__What you are asked to do__.
Exactly the lines from the start of the data below through the line containing "Smiffys Formule 1" must be returned, and no others.

__Record set__.
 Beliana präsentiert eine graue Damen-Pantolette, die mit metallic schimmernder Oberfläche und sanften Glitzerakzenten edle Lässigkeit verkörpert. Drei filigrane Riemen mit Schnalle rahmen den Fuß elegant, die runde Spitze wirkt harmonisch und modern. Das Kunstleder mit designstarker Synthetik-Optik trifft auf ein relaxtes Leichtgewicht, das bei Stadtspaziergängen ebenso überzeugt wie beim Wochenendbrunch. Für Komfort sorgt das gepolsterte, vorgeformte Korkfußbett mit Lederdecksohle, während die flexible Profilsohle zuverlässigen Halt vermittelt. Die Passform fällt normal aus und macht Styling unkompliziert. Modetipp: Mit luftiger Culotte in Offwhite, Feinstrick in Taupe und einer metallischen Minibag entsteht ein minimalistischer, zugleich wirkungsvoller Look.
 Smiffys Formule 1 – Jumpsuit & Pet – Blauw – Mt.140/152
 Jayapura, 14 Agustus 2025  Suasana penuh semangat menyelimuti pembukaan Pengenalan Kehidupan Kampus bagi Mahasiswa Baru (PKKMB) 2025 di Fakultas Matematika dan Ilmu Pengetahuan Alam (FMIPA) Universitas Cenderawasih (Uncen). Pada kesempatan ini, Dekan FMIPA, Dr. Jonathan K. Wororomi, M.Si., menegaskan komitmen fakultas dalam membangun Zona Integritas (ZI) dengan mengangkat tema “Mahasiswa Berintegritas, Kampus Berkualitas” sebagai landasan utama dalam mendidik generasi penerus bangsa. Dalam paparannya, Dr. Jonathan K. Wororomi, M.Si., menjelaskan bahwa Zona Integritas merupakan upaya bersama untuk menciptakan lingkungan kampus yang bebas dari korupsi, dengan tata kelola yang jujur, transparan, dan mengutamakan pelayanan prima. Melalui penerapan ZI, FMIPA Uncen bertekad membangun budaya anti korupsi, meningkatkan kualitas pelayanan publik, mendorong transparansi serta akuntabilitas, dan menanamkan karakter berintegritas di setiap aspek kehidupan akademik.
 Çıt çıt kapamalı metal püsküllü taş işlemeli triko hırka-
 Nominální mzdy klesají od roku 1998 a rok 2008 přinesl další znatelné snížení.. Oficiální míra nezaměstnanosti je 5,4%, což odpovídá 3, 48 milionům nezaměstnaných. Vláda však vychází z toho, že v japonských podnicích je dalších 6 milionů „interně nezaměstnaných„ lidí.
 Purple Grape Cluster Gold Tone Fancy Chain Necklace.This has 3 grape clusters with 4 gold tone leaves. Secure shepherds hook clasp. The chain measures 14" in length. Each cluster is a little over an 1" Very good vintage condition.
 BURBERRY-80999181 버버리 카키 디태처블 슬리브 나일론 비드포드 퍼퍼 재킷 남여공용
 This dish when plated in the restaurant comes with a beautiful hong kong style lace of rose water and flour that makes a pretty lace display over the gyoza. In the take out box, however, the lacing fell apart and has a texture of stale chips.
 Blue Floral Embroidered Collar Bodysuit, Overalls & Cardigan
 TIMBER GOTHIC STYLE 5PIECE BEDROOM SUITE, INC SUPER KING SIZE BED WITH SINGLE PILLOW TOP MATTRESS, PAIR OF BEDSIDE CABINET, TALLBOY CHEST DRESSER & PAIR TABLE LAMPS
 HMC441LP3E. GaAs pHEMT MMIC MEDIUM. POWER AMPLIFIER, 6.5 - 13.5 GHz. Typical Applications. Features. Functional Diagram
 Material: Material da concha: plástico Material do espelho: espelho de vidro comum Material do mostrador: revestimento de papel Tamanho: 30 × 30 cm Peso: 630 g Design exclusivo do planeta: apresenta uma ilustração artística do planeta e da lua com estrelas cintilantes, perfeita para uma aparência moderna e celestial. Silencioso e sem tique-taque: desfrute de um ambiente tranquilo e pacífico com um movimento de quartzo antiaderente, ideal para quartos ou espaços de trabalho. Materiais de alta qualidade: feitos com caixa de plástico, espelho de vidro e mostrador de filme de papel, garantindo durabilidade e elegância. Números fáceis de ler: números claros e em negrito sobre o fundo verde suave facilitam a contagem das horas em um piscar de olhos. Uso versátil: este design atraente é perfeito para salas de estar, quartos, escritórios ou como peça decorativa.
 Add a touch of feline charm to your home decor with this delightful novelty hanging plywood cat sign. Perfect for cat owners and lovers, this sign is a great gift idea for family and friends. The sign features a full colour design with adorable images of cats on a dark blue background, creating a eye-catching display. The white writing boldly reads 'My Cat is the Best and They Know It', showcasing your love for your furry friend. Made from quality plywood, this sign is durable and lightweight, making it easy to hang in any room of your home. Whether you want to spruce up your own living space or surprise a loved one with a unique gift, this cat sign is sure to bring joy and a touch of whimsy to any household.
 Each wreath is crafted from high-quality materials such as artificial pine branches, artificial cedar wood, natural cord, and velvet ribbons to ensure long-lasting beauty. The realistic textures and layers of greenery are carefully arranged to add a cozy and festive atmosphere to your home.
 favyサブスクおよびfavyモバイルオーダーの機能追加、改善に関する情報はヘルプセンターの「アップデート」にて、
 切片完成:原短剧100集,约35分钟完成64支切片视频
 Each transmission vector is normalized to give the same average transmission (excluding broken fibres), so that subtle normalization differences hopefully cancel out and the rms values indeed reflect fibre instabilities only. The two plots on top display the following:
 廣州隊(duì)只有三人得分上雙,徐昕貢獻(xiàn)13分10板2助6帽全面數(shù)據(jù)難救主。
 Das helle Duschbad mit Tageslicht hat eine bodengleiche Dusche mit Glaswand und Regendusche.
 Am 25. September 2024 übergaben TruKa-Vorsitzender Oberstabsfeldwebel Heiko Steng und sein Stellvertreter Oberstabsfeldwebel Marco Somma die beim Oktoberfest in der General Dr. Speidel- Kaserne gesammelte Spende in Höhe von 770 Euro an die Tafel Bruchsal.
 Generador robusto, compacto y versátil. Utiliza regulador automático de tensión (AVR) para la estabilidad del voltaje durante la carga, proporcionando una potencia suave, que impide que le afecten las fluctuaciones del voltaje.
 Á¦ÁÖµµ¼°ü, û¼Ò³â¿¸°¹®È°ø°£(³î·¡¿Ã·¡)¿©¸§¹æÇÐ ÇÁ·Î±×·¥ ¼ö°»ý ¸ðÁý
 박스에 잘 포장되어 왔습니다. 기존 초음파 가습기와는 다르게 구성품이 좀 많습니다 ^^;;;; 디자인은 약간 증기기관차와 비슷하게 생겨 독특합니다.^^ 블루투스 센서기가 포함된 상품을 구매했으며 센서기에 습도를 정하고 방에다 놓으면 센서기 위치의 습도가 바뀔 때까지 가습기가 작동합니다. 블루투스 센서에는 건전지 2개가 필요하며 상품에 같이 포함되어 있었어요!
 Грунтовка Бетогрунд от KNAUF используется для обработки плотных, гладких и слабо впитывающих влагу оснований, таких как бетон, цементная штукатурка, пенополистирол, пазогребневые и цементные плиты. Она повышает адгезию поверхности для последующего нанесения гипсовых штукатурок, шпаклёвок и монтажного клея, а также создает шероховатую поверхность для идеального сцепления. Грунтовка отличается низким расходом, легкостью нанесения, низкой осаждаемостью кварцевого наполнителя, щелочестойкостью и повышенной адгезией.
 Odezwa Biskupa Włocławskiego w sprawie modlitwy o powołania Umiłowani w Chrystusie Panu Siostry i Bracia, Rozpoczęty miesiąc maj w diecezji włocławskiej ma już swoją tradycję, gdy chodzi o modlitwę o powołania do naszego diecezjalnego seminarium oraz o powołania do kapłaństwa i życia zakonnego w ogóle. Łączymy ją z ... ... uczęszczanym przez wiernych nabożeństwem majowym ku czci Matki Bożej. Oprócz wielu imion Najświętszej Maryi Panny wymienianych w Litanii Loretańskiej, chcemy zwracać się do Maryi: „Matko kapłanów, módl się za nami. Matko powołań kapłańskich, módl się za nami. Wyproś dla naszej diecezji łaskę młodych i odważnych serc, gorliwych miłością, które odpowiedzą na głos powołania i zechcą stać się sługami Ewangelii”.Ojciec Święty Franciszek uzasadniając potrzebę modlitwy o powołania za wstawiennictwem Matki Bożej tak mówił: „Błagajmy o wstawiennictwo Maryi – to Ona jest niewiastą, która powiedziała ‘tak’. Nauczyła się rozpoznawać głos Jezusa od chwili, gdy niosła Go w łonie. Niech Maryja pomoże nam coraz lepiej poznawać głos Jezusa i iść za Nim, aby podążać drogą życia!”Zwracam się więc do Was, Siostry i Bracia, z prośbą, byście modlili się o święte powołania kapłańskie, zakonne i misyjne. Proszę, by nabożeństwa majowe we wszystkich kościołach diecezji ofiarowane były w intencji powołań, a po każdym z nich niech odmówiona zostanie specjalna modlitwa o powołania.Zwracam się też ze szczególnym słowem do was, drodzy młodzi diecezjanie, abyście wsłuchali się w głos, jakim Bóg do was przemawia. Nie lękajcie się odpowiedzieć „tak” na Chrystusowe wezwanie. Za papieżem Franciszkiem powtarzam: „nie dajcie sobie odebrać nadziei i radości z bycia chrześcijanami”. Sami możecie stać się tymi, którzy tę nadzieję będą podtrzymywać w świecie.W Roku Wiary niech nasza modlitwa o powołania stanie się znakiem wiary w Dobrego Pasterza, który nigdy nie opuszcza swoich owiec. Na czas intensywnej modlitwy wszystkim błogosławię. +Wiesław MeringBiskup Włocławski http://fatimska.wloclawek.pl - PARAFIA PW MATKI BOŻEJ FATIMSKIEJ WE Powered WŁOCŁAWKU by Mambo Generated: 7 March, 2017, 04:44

__Solution__.
 Beliana präsentiert eine graue Damen-Pantolette, die mit metallic schimmernder Oberfläche und sanften Glitzerakzenten edle Lässigkeit verkörpert. Drei filigrane Riemen mit Schnalle rahmen den Fuß elegant, die runde Spitze wirkt harmonisch und modern. Das Kunstleder mit designstarker Synthetik-Optik trifft auf ein relaxtes Leichtgewicht, das bei Stadtspaziergängen ebenso überzeugt wie beim Wochenendbrunch. Für Komfort sorgt das gepolsterte, vorgeformte Korkfußbett mit Lederdecksohle, während die flexible Profilsohle zuverlässigen Halt vermittelt. Die Passform fällt normal aus und macht Styling unkompliziert. Modetipp: Mit luftiger Culotte in Offwhite, Feinstrick in Taupe und einer metallischen Minibag entsteht ein minimalistischer, zugleich wirkungsvoller Look.
 Smiffys Formule 1 – Jumpsuit & Pet – Blauw – Mt.140/152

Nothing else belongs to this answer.